A Managed Service for Apache Spark zero-scale cluster has the following requirements and limitations:

  • Requires image version 2.2.61 or later.
  • Requires using Cloud Storage, not the HDFS file system.
  • Supports secondary workers only, not primary workers.
  • Can't be converted to or from a standard cluster.
  • Doesn't support the Oozie component.

Create a Managed Service for Apache Spark zero-scale cluster

You can create a zero-scale cluster using the gcloud CLI or the Managed Service for Apache Spark API.

gcloud

Run gcloud dataproc clusters create command locally in a terminal window or in Cloud Shell.

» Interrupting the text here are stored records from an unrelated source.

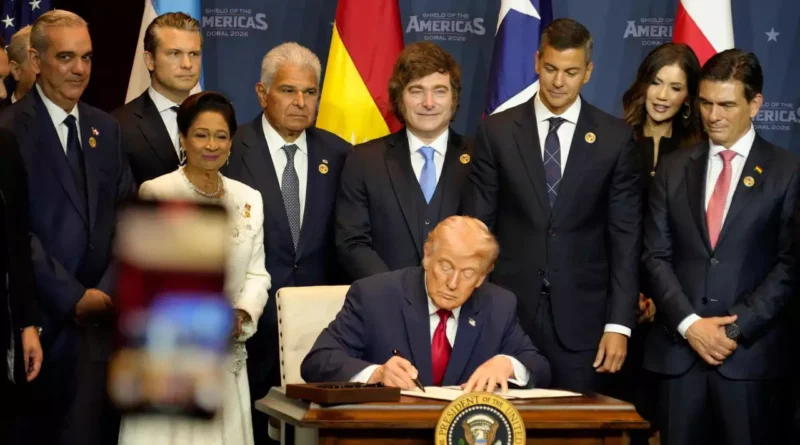 O presidente dos Estados Unidos, Donald Trump, anunciou a coalizão entre países da América Latina para combater cartéis. O republicano recebeu, neste sábado (7), líderes latinos para o evento batizado como “Escudo da América”. “Vamos fazer coisas incríveis, a região de vocês foi abandonada pelos EUA, que olhou para regiões em que nem era bem recebido”, disse o presidente.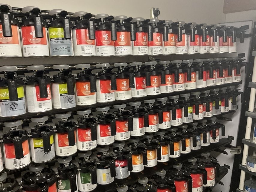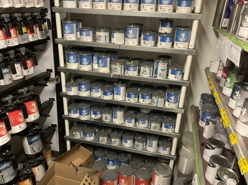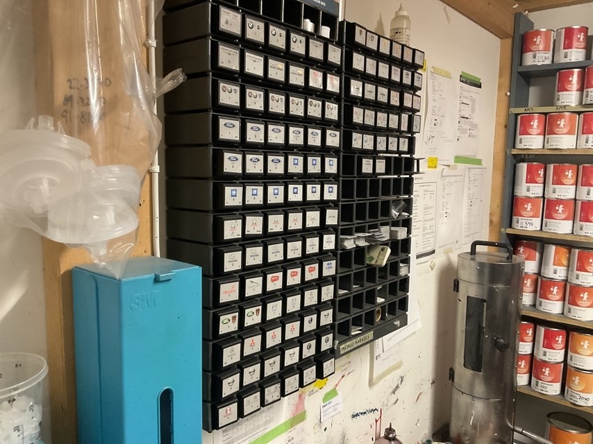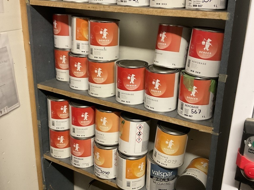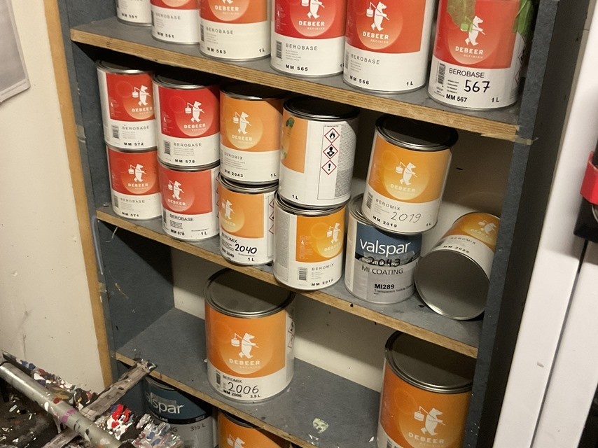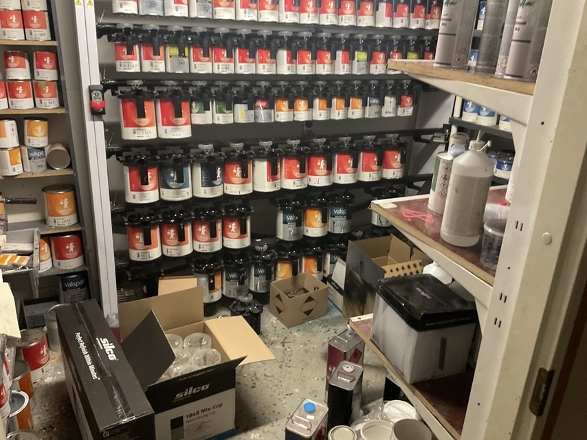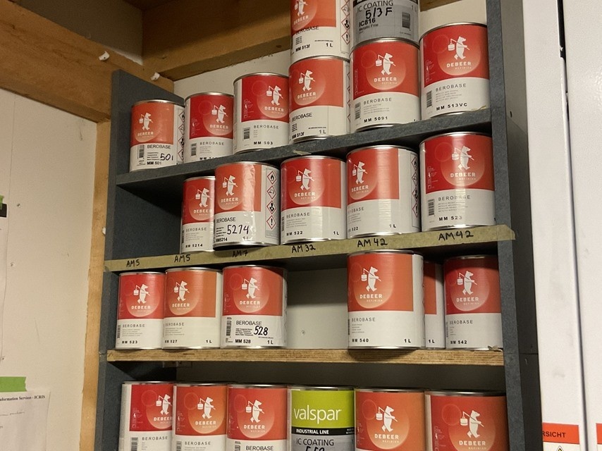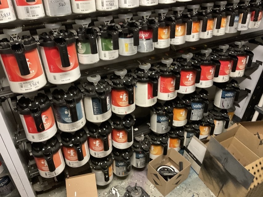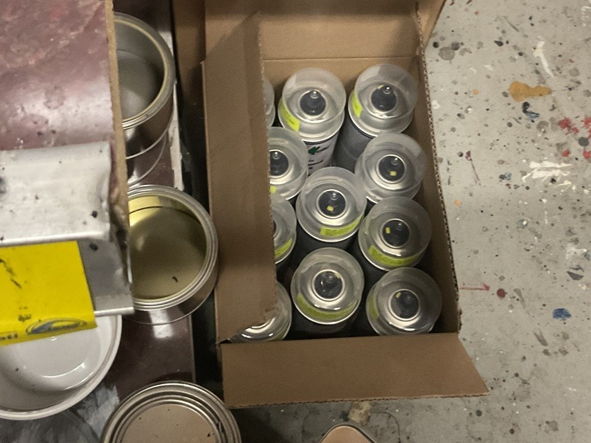 Myyntikohteet » 2. Kokemäen Varaosa / Kovatech Oy:n konkurssipesä, KOKEMÄKI (2136465-5), 14.03.2026 » 18. Maalinsekoitushuone koko irtain mm. sävytys- ja perusmaalit, ohenteet, vaaka, sekoituspöytä, astiat ja kupit, sprayt . Telineet ja ravistimet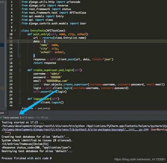到此为止非常简单的api就写完了,接下来就是自动化测试是否达到预期效果。 如图,测试通过!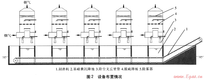 脫硫除塵裝置安裝在原除塵器的位置,底部基礎(chǔ)兼做沉降池,在池底安裝刮渣機(jī),5臺雙循環(huán)煙氣脫硫除塵裝置基礎(chǔ)連通,共用一臺刮渣機(jī),沉降的灰渣經(jīng)刮渣機(jī)的框鏈集中運輸?shù)交覉觥kp循環(huán)脫硫除塵裝置總阻力比原除塵器僅增加500Pa,因此可保留原引風(fēng)機(jī)。增加一個除塵水循環(huán)池和一個堿液循環(huán)池,除塵水循環(huán)池與沉降池連通,除塵水循環(huán)泵將除塵水通過噴頭送入文丘里管與煙氣混合,在喉口處煙塵與液滴充分混合,煙塵被加濕?;咚倭鞒鑫那鹄锕芎鬀_擊液面,被液面捕集,灰渣沉降于池底被刮渣機(jī)清除,清液流回除塵水循環(huán)池循環(huán)使用。堿液循環(huán)泵將堿液送入脫硫塔,在篩板上與除塵后的煙氣混合形成流化床,煙氣中的二氧化硫被吸收,脫硫后的煙氣經(jīng)除霧器脫水后排出,脫硫后的堿液經(jīng)排液口流回堿液循環(huán)池調(diào)整pH值后循環(huán)使用。設(shè)備外部堿液循環(huán)管道和除塵水循環(huán)管道均采用UPVC工程塑料管。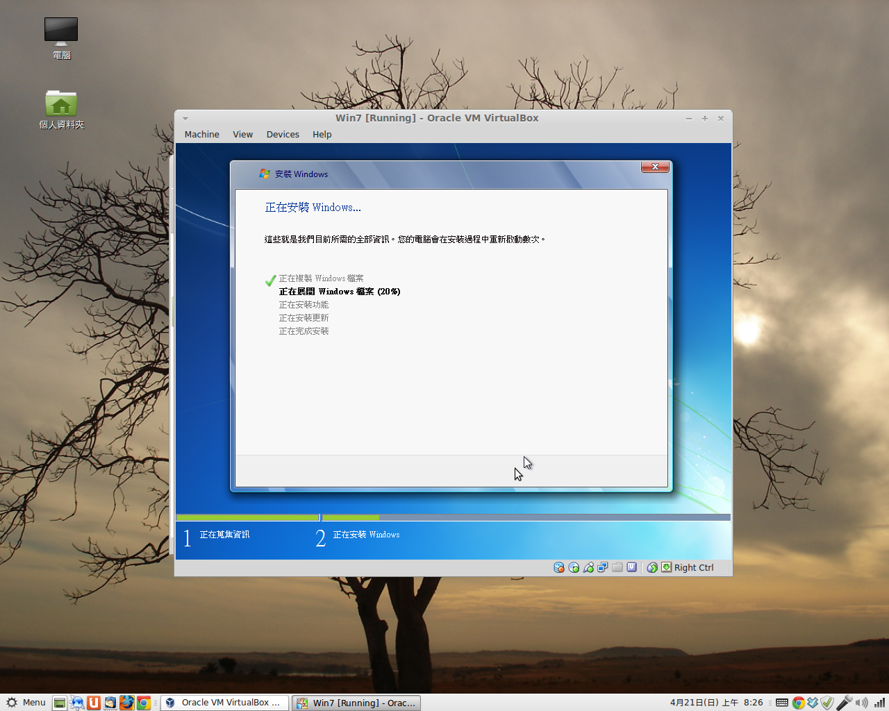 利用虛擬機器演練Linux,我反其道而行,在Linux的虛擬機器中運行Windows 7,裝好後感覺十分順暢,在視窗7中選擇安裝了LibreOffice來取代視窗的辦公室軟件,用Thunderbird作為郵件的預設軟件,一切完美﹗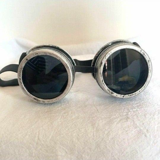 ヴィンテージ加工されたフレームと、重厚感のあるレンズデザインが目を引くスチームパンク風ゴーグルです。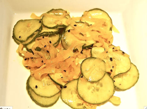 1/2 cup Rice Vinegar or 1/2 cup White Vinegar diluted with 1/4 cup Water 2-inch piece of fresh Ginger, peeled and minced or grate 2 tsp Sugar 1 tep Salt 3 TB of grapeseed or other neutral oil 1 medium to large Onion, thinly sliced 1/2 teaspoon ground Turmeric, optional but necessary 2 TB of sesame seeds. METHOD 1. With Asian or English cucumbers (or small garden cucumbers), slice thinly, preferably with a mandoline. With thick cucumbers, peel, halve lengthwise, and scoop out seeds before slicing. L

gcloud dataproc clusters create CLUSTER_NAME \
    --region=REGION \
    --cluster-type=zero-scale \
    --autoscaling-policy=AUTOSCALING_POLICY \
    --properties=core:fs.defaultFS=gs://BUCKET_NAME \
    ...other args

Replace the following:

  • CLUSTER_NAME: name of the Managed Service for Apache Spark zero-scale cluster.
  • REGION: an available Compute Engine region.
  • AUTOSCALING_POLICY (Optional): If you create an autoscaling policy to apply to the zero-scale cluster, use this flag to specify the ID or resource URI of the autoscaling policy. When creating the policy:
    • Set the clusterType to ZERO_SCALE.
    • Configure an autoscaling policy for the secondaryWorkerConfig only.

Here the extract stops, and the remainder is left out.